The most painful decision in designing the syllabus for this course was to omit a treatment of algorithms. There is no discussion of computational complexity, recursive algorithms, graph or tree algorithms (however, recursion, graphs, and trees are covered).
The reason for this choice is lack of time. There is no hope to cover all of, say, Rosen's book in one semester. Attention then was focused on the purely mathematical ideas that are of use in a computer science curriculum. If these ideas are not covered in the discrete math class, they are likely to fall in the cracks between computer science courses.
Algorithms, on the other hand, always have their own, separate course in every computer science curriculum. If algorithms are not covered in discrete math, they will be covered later on.

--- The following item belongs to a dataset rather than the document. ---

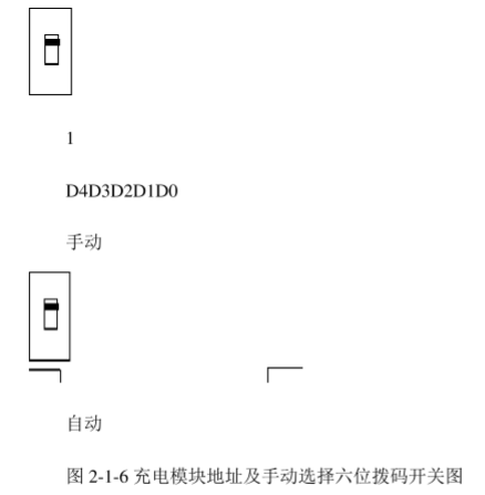 模塊面板上嵌入的電位器用來調(diào)整模塊在手動(dòng)狀態(tài)下的輸出電壓,注意只有在手動(dòng)方式下,調(diào)節(jié)該電位器才起作用。充電模塊地址及手動(dòng)/自動(dòng)撥碼開關(guān)用來設(shè)置模塊通訊地址和選擇手動(dòng)功能,其定義如圖2-1-6所示:

Of course, there is some advantage in teaching the same concept repeatedly at different levels, and previous exposure to algorithms would be convenient for students who enter a more advanced course on this topic. However, the risk of having no formal exposure to combinatorics or number theory at all is greater than the inconvenience of being exposed to algorithms for the first time in a dedicated course.
In addition, some of the same concepts arise in algorithms and in the narrower view of discrete mathematics that this course implies. For instance, recursion, a crucial idea for algorithms, is not an inherently algorithmic idea per se : A treatment of recursive definitions and the germane notion of proofs by induction fits very well both in mathematics and in this course, and will predispose the student's mind to the algorithmic version of this concept as well.